__EXERCISE REQUIREMENTS__
From the line containing "1、三套泥漿罐采用了相同的4" to the line containing "步步见廉景、处处闻廉语、时时" in the records below, set down every line exactly as it stands, both ends included, and skip the pictures.

__EXTRACTED DATA__
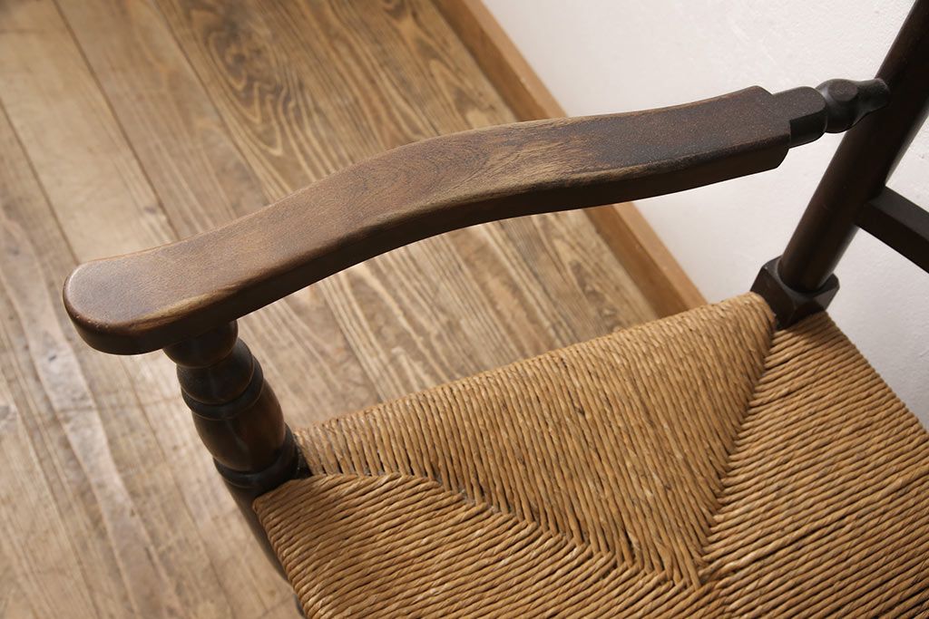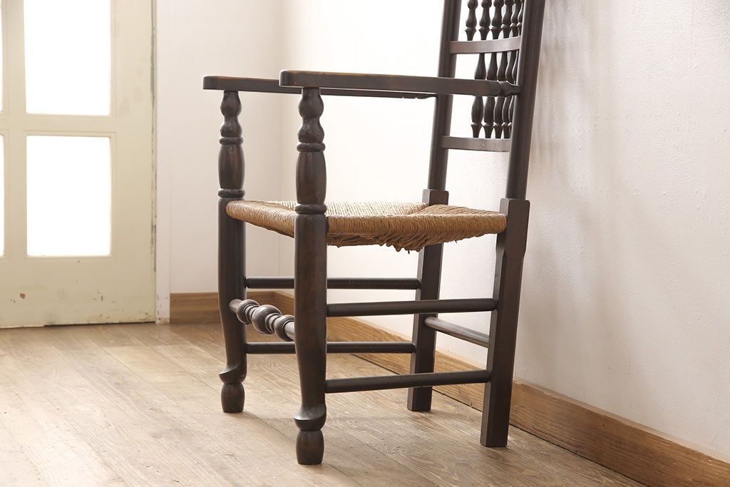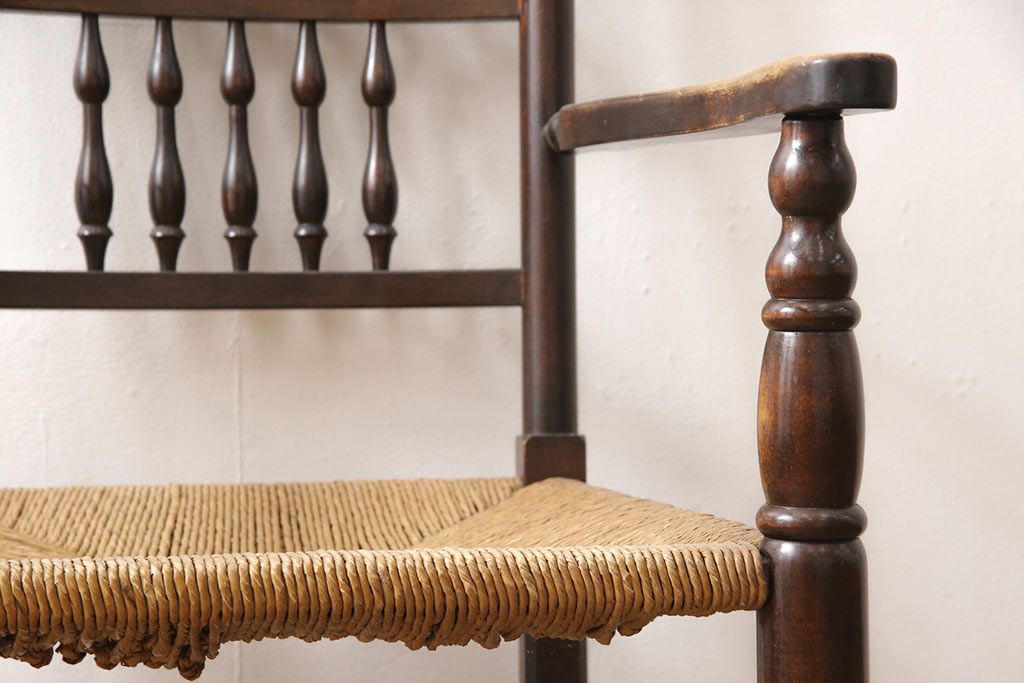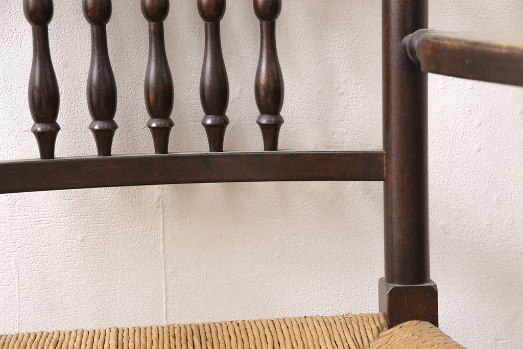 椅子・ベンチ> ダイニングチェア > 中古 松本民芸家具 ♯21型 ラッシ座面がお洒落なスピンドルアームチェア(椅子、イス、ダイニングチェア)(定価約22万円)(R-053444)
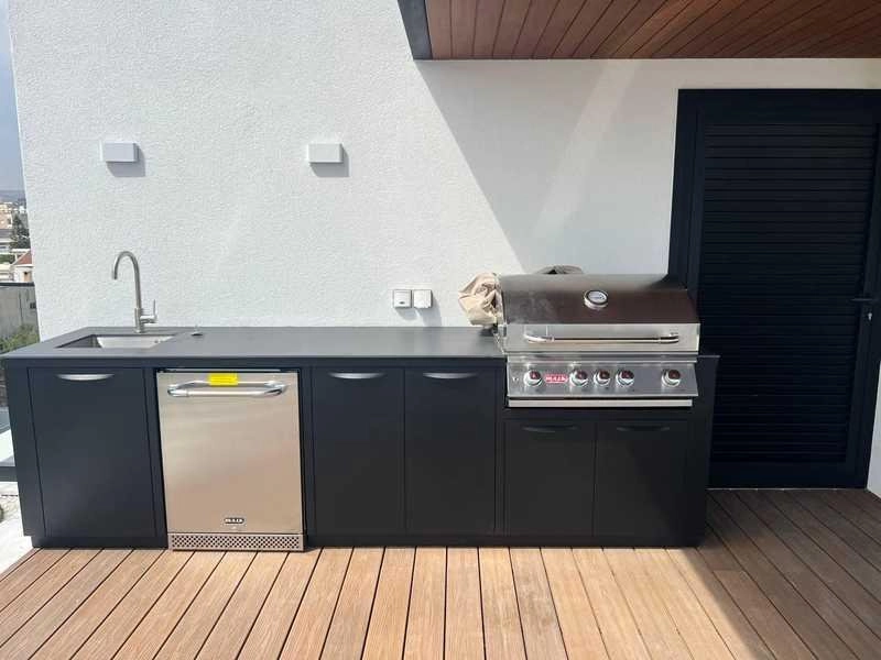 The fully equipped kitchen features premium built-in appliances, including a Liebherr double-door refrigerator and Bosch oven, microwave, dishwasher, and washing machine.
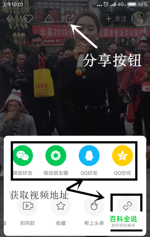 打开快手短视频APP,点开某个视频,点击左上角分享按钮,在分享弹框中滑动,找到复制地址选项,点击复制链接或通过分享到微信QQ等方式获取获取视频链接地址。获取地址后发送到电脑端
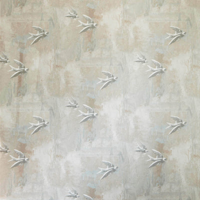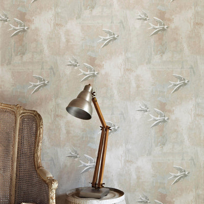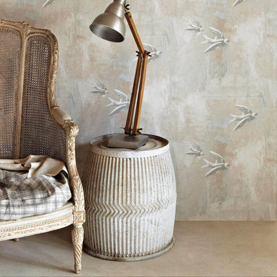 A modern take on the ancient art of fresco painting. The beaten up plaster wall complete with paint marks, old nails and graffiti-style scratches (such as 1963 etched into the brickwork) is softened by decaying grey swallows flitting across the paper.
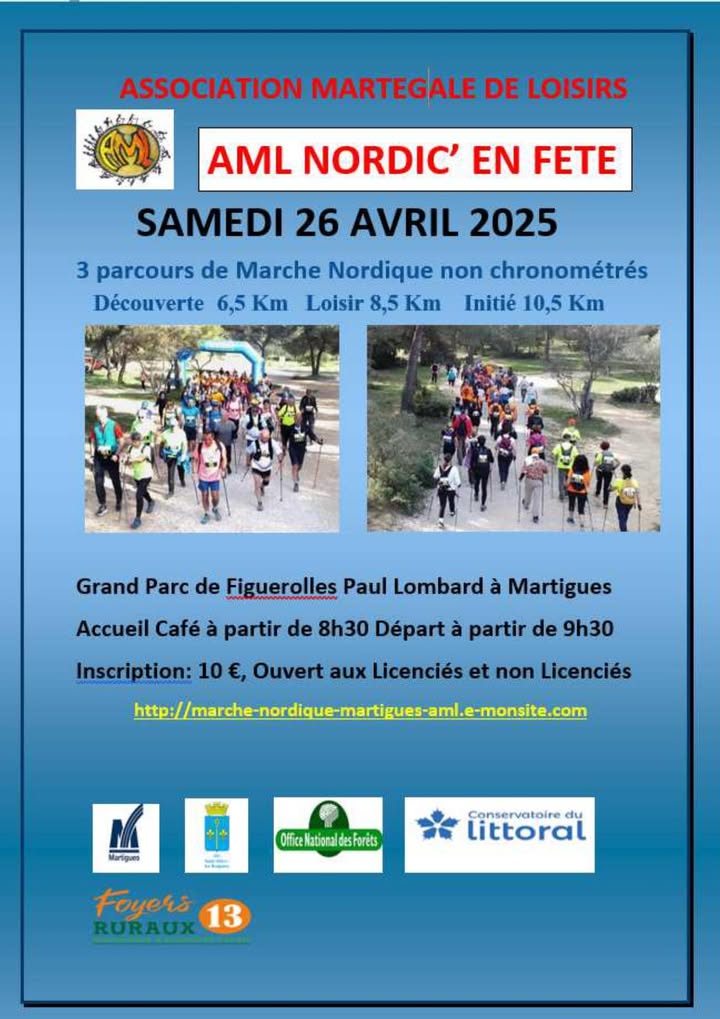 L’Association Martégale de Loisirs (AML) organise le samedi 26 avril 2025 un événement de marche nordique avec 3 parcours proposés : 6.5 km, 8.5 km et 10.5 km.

* * *

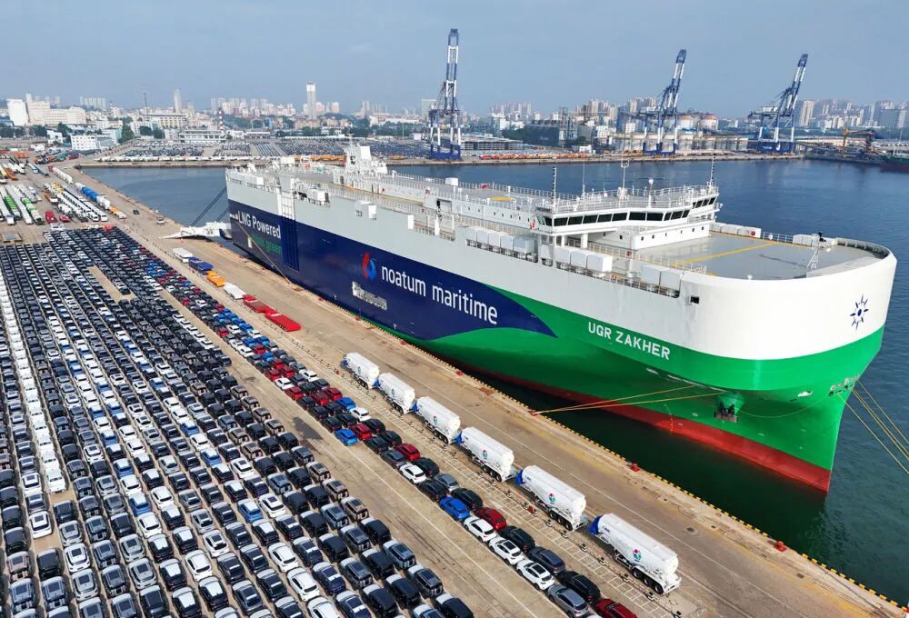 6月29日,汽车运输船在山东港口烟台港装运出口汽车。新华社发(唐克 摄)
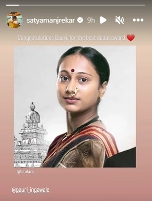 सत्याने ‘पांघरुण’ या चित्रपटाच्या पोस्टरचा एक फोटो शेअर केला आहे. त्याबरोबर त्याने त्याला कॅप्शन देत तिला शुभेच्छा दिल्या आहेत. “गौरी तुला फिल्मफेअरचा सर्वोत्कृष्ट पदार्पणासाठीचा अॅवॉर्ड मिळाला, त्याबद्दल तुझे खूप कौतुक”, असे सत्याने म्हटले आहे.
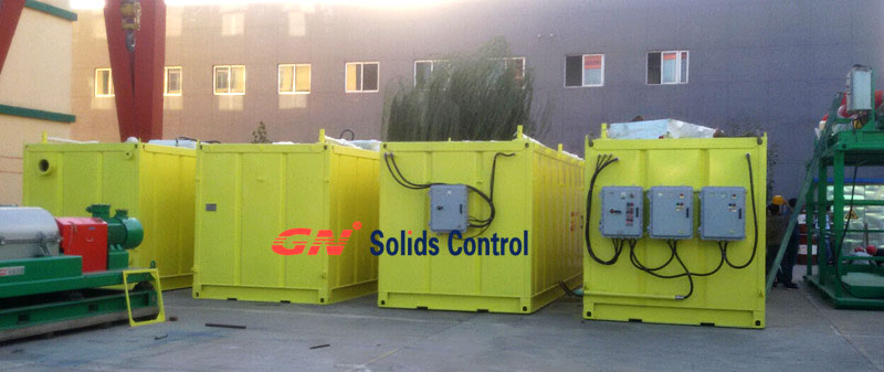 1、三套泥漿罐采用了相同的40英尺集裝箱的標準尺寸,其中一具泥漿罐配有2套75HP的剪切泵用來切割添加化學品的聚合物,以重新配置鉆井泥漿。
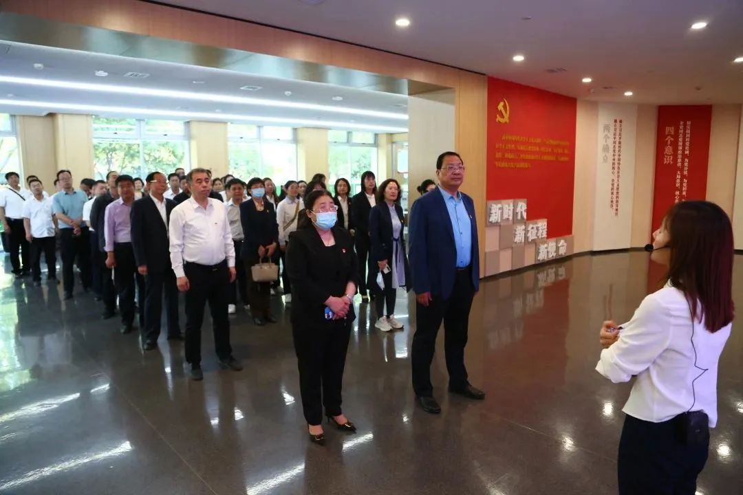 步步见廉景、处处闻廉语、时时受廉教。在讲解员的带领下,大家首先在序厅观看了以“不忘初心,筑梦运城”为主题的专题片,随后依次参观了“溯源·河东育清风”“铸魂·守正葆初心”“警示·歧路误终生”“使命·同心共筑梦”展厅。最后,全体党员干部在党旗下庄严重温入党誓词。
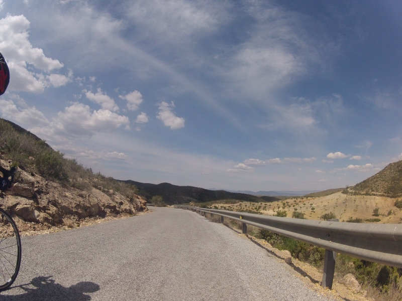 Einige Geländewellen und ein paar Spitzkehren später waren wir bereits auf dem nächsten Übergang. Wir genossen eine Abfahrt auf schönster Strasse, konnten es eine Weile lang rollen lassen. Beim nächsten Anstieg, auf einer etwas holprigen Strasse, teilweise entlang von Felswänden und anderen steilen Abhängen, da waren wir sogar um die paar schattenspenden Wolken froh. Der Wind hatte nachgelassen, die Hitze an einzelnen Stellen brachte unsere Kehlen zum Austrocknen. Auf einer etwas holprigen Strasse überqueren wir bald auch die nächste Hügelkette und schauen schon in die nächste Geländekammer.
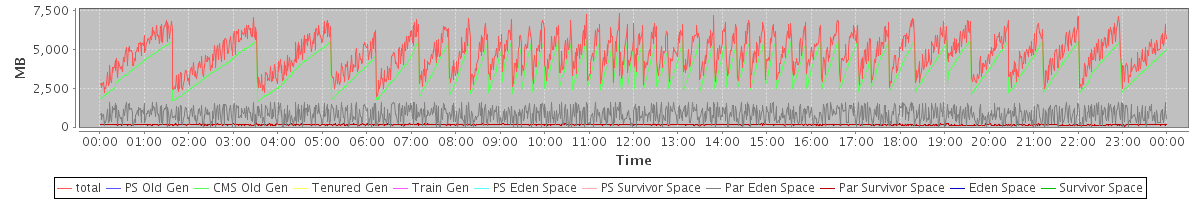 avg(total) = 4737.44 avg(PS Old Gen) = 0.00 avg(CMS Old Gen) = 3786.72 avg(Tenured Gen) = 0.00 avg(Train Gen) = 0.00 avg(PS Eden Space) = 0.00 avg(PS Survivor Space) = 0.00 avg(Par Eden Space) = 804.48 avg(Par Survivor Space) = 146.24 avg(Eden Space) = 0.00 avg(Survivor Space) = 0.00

...

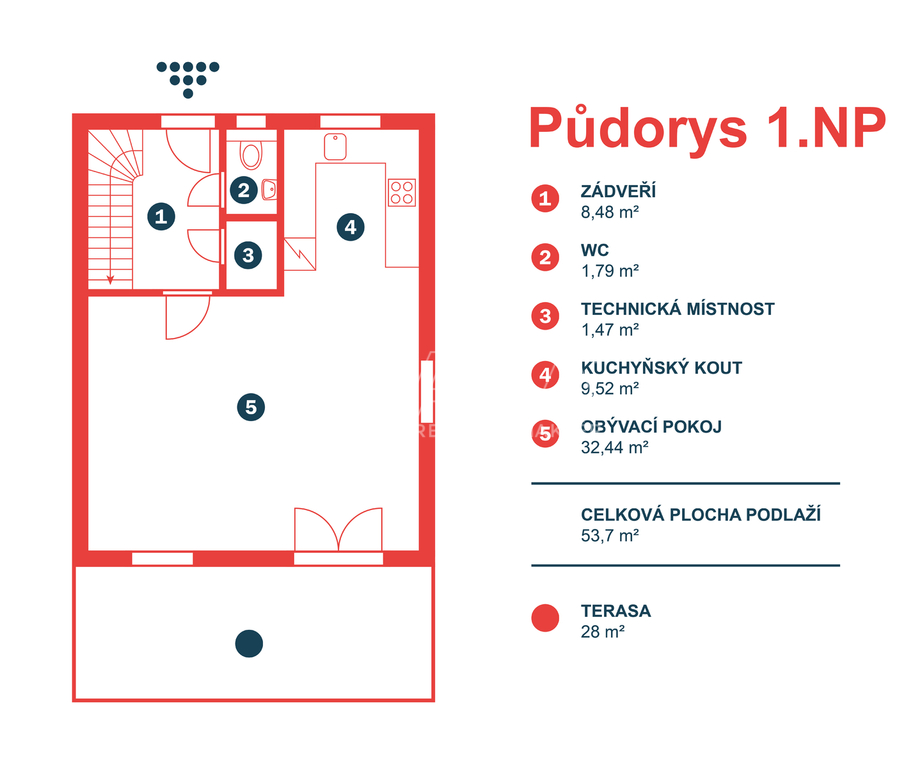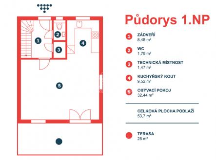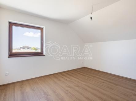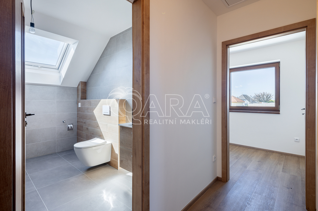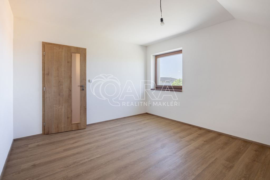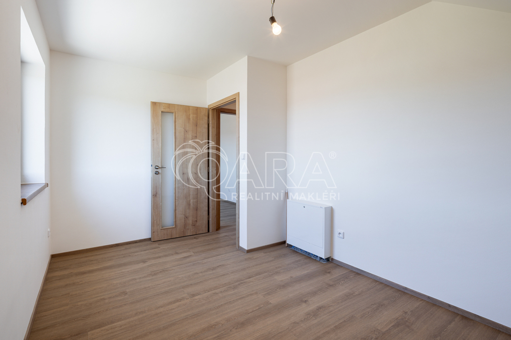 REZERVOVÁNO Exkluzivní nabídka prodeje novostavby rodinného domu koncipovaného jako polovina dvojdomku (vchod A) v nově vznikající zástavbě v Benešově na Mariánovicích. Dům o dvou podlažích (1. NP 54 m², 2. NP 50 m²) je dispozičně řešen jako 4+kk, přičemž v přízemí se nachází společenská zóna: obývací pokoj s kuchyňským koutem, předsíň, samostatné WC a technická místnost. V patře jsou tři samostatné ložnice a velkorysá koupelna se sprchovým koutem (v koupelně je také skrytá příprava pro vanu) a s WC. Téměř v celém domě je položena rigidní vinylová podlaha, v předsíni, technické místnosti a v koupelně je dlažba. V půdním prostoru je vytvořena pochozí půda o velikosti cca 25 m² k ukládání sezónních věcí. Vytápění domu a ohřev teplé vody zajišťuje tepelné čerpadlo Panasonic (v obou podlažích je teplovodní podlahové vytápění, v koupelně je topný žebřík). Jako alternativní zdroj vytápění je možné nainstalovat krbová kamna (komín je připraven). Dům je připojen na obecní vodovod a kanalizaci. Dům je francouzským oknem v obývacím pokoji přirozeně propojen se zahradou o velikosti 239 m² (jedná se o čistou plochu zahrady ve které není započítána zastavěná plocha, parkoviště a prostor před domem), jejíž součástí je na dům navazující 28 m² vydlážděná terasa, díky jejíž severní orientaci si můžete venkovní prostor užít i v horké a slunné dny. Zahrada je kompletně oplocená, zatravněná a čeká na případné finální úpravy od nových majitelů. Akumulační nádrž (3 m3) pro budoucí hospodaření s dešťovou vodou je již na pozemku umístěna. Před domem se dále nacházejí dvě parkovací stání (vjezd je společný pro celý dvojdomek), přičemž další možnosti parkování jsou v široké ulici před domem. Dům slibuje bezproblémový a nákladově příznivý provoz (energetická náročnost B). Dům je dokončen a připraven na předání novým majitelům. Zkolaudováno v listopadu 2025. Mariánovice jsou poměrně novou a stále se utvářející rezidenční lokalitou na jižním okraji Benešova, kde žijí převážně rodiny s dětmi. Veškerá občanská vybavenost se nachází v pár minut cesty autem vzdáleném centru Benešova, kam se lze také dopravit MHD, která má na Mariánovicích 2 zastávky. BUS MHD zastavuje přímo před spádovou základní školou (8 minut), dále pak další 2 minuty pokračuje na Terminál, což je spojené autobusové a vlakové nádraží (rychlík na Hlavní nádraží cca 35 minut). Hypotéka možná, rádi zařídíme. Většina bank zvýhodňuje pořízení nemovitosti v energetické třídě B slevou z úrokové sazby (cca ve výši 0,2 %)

__PROBLEM SOLUTION__
 1、三套泥漿罐采用了相同的40英尺集裝箱的標準尺寸,其中一具泥漿罐配有2套75HP的剪切泵用來切割添加化學品的聚合物,以重新配置鉆井泥漿。
 步步见廉景、处处闻廉语、时时受廉教。在讲解员的带领下,大家首先在序厅观看了以“不忘初心,筑梦运城”为主题的专题片,随后依次参观了“溯源·河东育清风”“铸魂·守正葆初心”“警示·歧路误终生”“使命·同心共筑梦”展厅。最后,全体党员干部在党旗下庄严重温入党誓词。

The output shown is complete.